Insight #8 — chunk granularity is regime-specific too:
The default CHUNK_CHARS=500 produced 61 chunks for the wikitext doc. With 61 candidates all about overlapping topics (every Boulter chunk has "Boulter" / "directed" / "play" / "starred"), the locator can't discriminate — many chunks score within 1-2 points of each other. Vector-RAG with the same chunk size also struggled but was less misled because it had no title bonus to tip it the wrong way. For unstructured narrative docs we need bigger chunks (~1500 chars / ~500 tokens) so the locator has fewer, more topically-distinct candidates AND the lookup model has more cross-sentence context for pronoun resolution.
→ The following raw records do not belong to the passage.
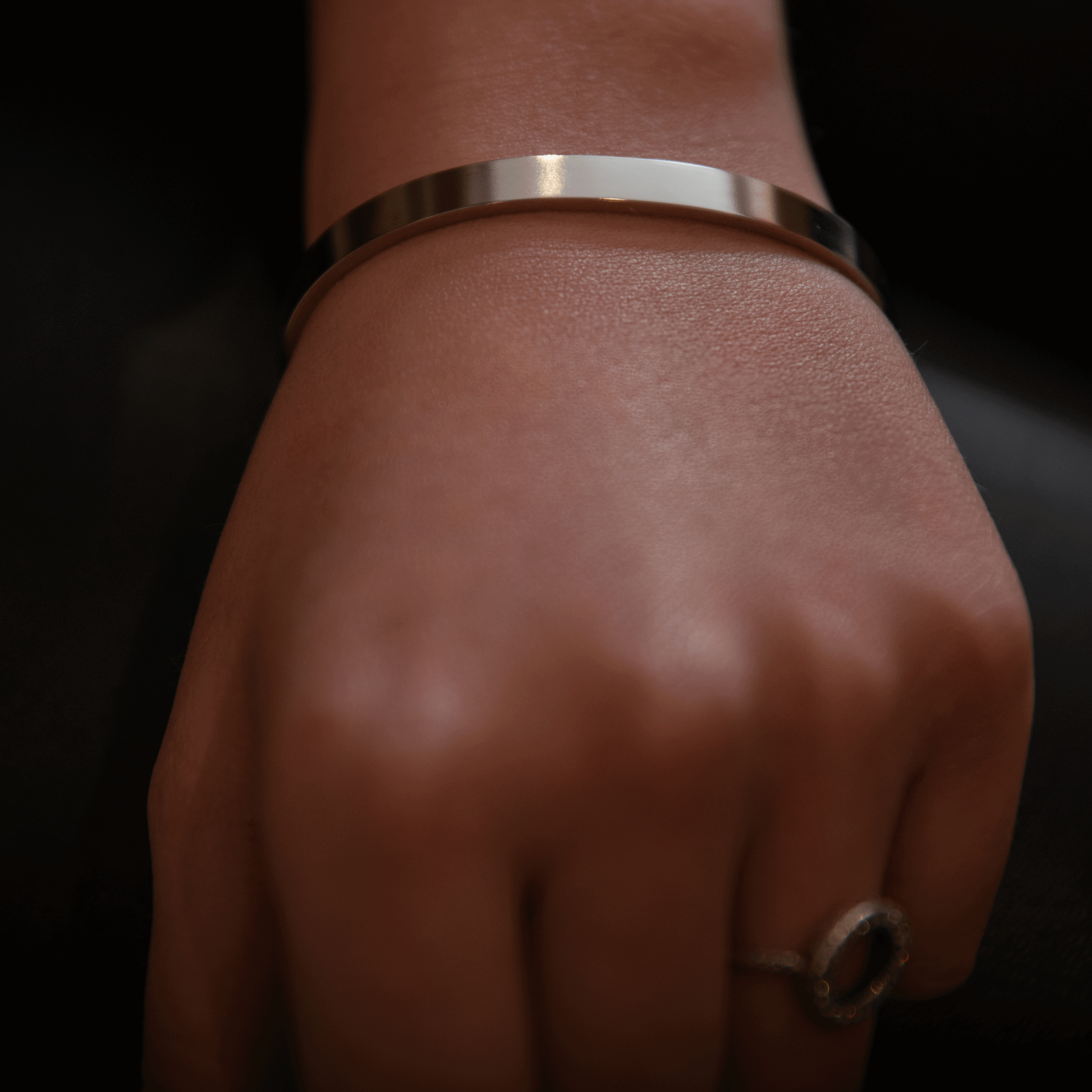 - Bangle: Dit bangle ontwerp maakt het gemakkelijk om de armband om te doen en af te nemen en is licht buigbaar.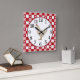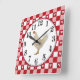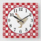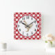 10,75" x 10,75" akrylväggklocka med en bild av ett rött, rosa och vitt schackbräde med vita kycklingar och tuppar, som påminner om en picknick bordduk av land. Lätt att läsa den runda vita klockan har ansikte röd gräns och bild av en höna. Visa hela samlingen med den här och den där klockan i avsnittet HEME.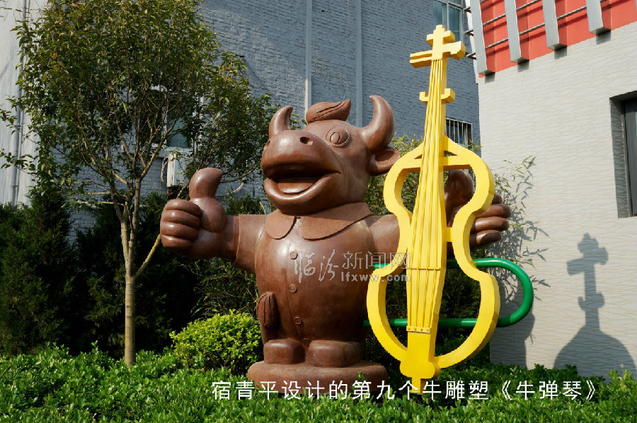 2016年,宿青平以卡通艺术形式,设计了一件名为《牛弹琴》的雕塑,借“对牛弹琴”的成语反其意而用之,塑造了一个聪明可爱的牛形象。这件雕塑安放在鼓楼南大街一座公厕旁。
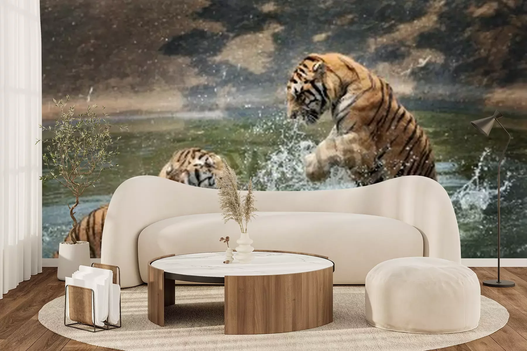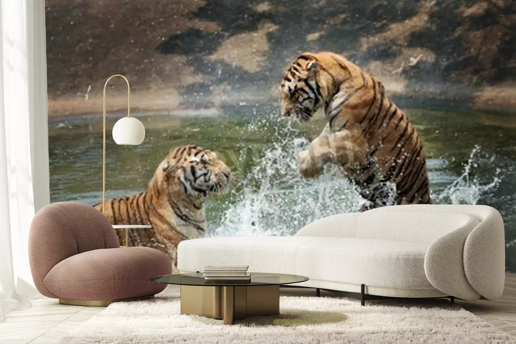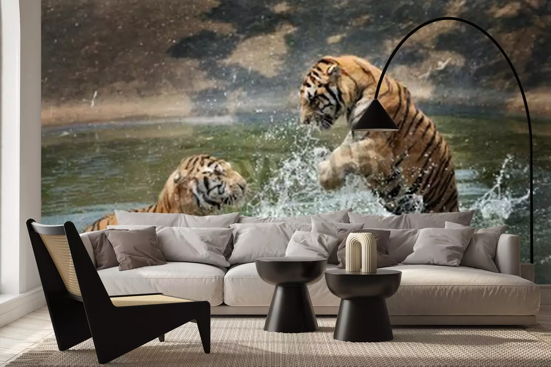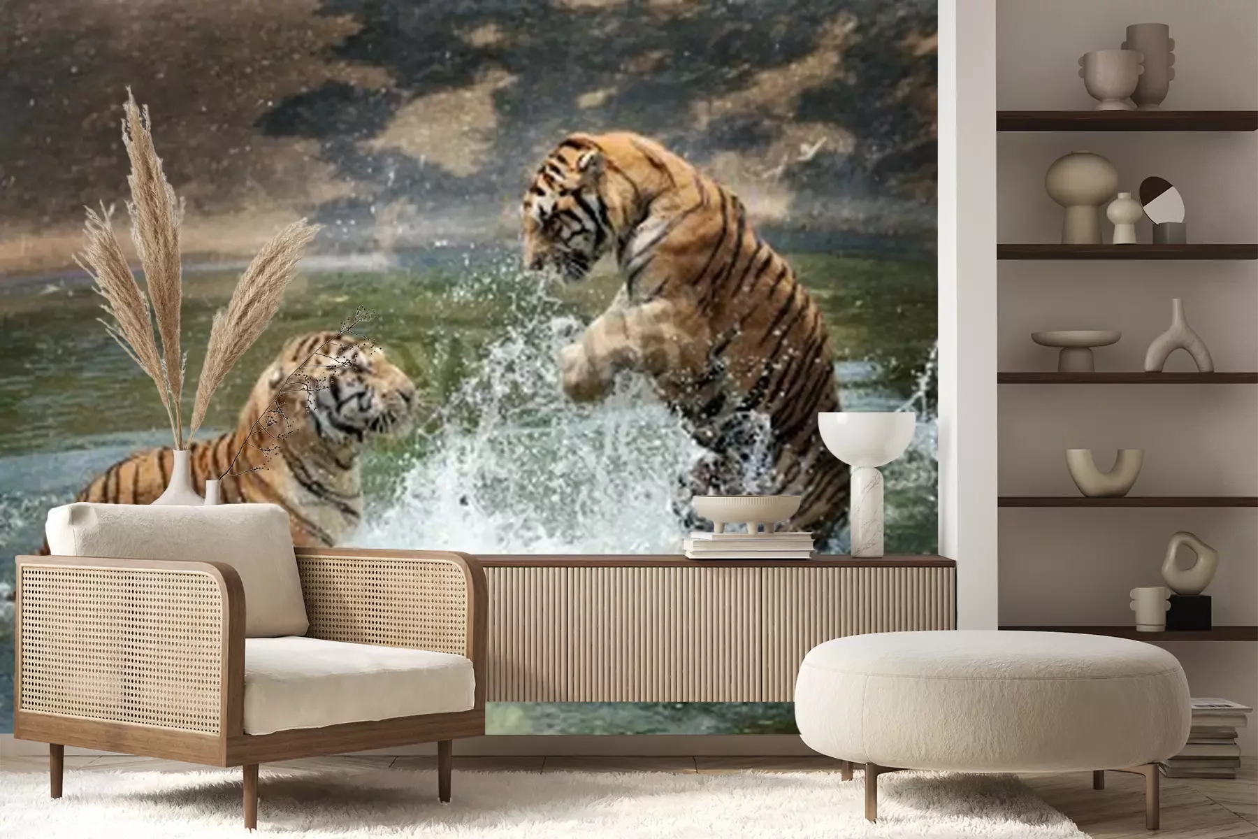 Fototapete Ins wasser springende tiger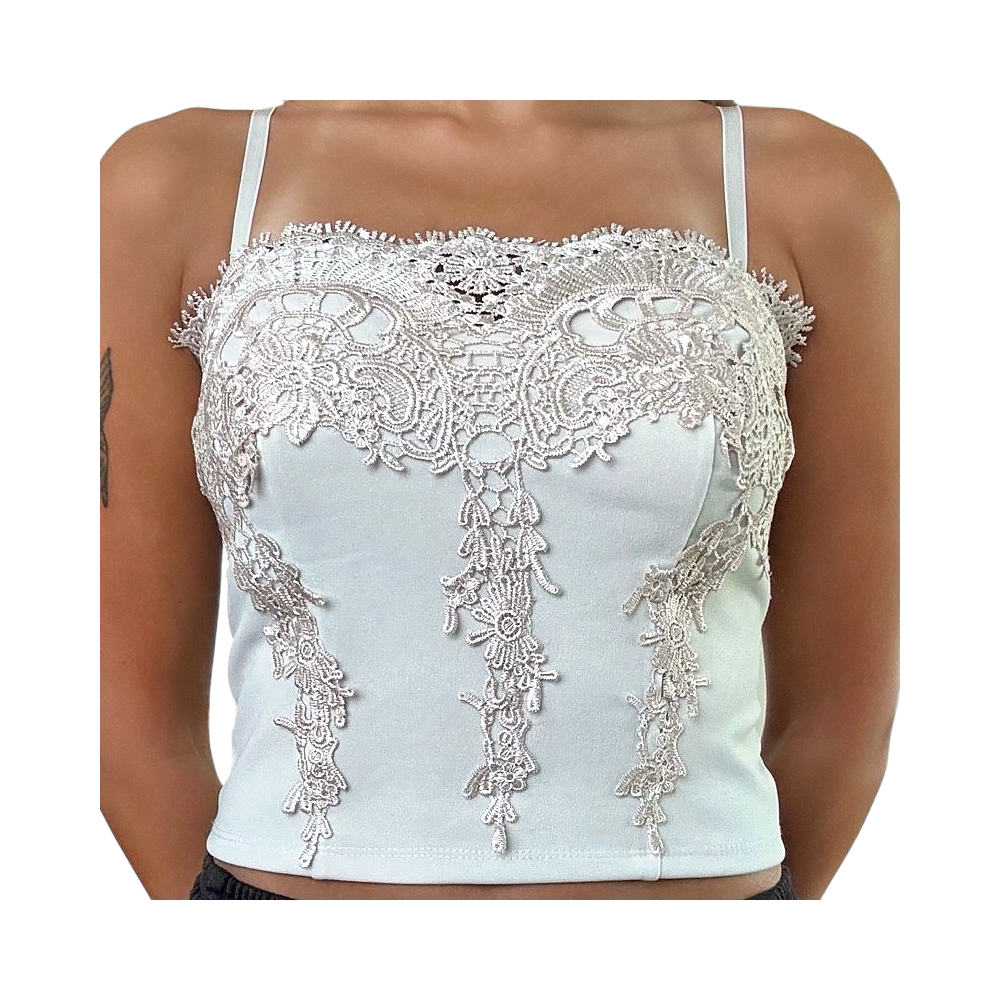 Stunning white crop top with beige lace details in the front. Size XS/S, stretchy fabric. Perfect for parties, evening looks or summer outfits. Eye-catching yet elegant top that pairs beautifully with jeans, skirts or trousers. Excellent condition.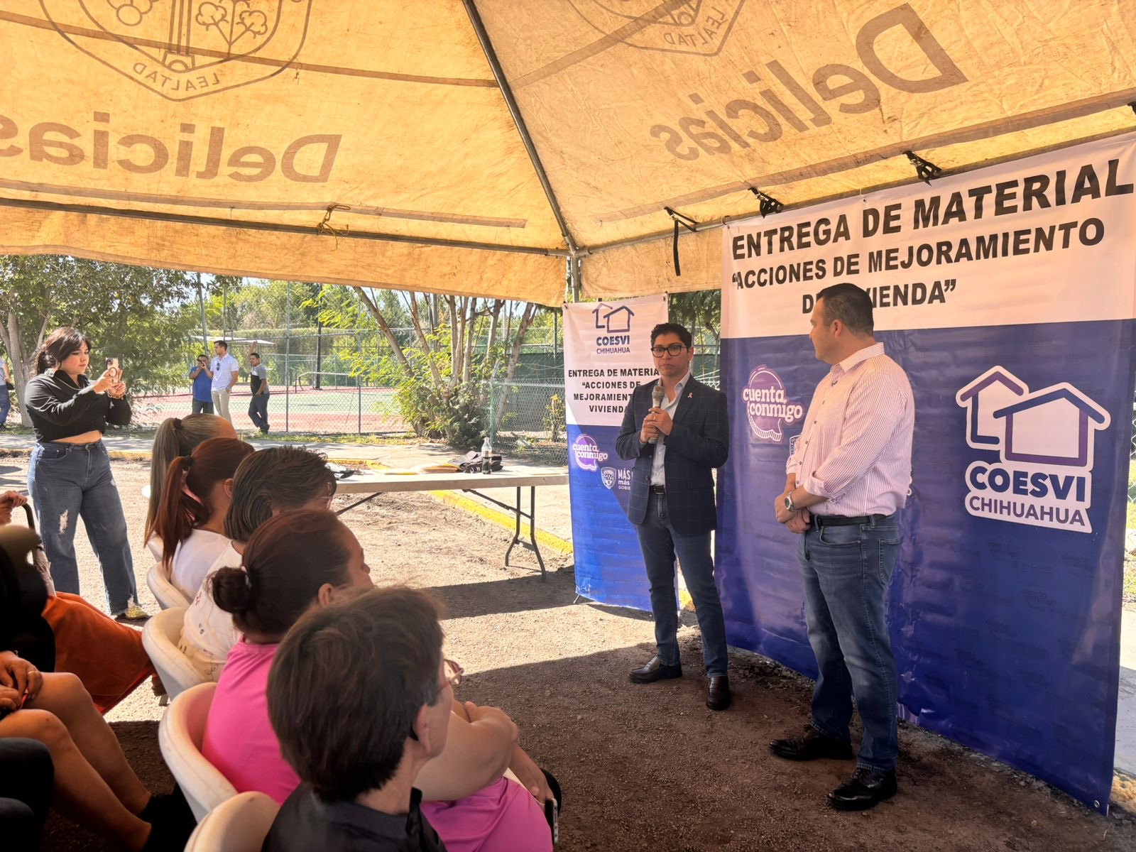La entrega fue encabezada por el director de Atención y Programas Sociales de Coesvi, Jesús Ricardo Huerta Ayala y el alcalde de Delicias, Jesús Valenciano García, quienes reiteraron el compromiso de trabajar de manera conjunta en favor de los hogares del municipio.

Insight #9 — select-by-index is regime-specific: For Acme (each fact in its own short sentence), select-by-index was the breakthrough. For wikitext narrative ("He was cast in Mercury Fur. He was directed by John Tiffany." — pronoun resolution required), single-sentence selection picks ONE sentence and loses the cross-sentence context. Q3 (Mercury Fur director) failed because the model picked sentence 1 ("He was cast in Mercury Fur...") instead of sentence 2 ("He was directed by John Tiffany..."). Either return a 2-sentence window from select-by-index, OR fall back to direct-answer for chunks with strong narrative coherence.
D5 iteration 2 plan:
- Make
SECTION_TITLE_BONUSconditional on the chunk's first line looking like a heading (matches^\w[\w\s]{0,40}:or^Section\s+\d+or first line is short and capitalised). - Bump
CHUNK_CHARSfrom 500 to 1500 in the char-based fallback path (only affects no-paragraph docs; Acme uses the paragraph path so it's unchanged). - Return a 2-sentence window from
lookup()so the verifier sees pronoun-resolution context. - Re-run wikitext eval and re-validate Acme stays at 7/7.